His gold eyes darkened. "I keep going through that box. The one that belonged to my father. I don't feel anything about it. The letters, the photos. I don't know who those people were. They don't feel real to me. Valentine was real."
Clary blinked; it wasn't what she'd expected him to say. "Remember, I said that it would take time-"
He didn't even seem to hear her. "If I really were Jace Morgenstern, would you still love me? If I were Sebastian, would you love me?"
She squeezed his hands. "You could never be like that."
"If Valentine did to me what he did to Sebastian, would you love me?"
There was an urgency to the question that she didn't understand. Clary said, "But then you wouldn't be you."
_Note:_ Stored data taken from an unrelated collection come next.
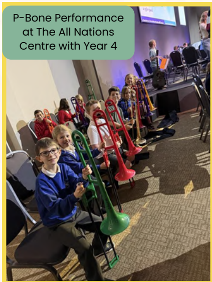
P-Bone Performance at The All Nations Centre with Year 4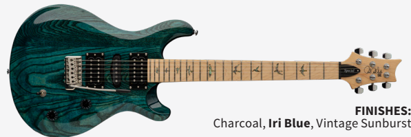
FINISHES: Charcoal, Iri Blue , Vintage Sunburst

Swamp ash body, shallow violin carve, 25" scale length, 22 fret maple neck, maple fretboard, bird inlays, PRS patented molded tremolo, 85/15 "S" treble & bass pickups, PRS-Designed AS-01 Single Coil middle pickup, volume & push/pull tone control with 3-way toggle pickup switch, PRS-Designed tuners, nickel hardware, gig bag • Neck profile: wide thin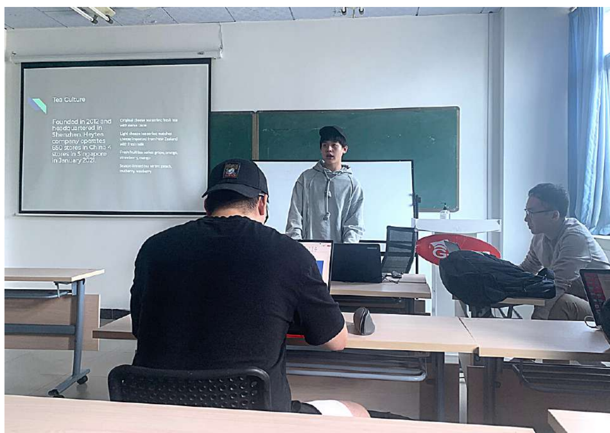
Students from Organizational Behavior class giving their final presentations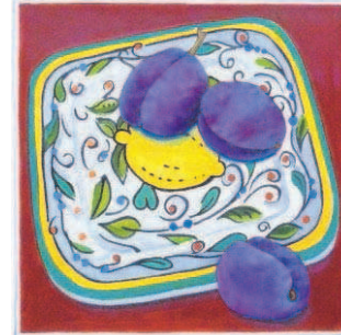
This artwork called "Plums" is one piece that will be at this year's Art a la cARTE.

available at the Liberty Theater box office or through ticketswest.com

His breath caught, almost as if what she'd said had hurt him-but how could it have? It was the truth. He wasn't like Sebastian. He was like himself. "I don't know who I am," he said. "I look at myself in the mirror and I see Stephen Herondale, but I act like a Lightwood and talk like my father-like Valentine. So I see who I am in your eyes, and I try to be that person, because you have faith in that person and I think faith might be enough to make me what you want."
"You're already what I want. You always have been," Clary said, but she couldn't help feeling as if she were calling into an empty room. It was as if Jace couldn't hear her, no matter how many times she told him she loved him. "I know you feel like you don't know who you are, but I do. I know. And someday you will too. And in the meantime you can't keep worrying about losing me, because it'll never happen."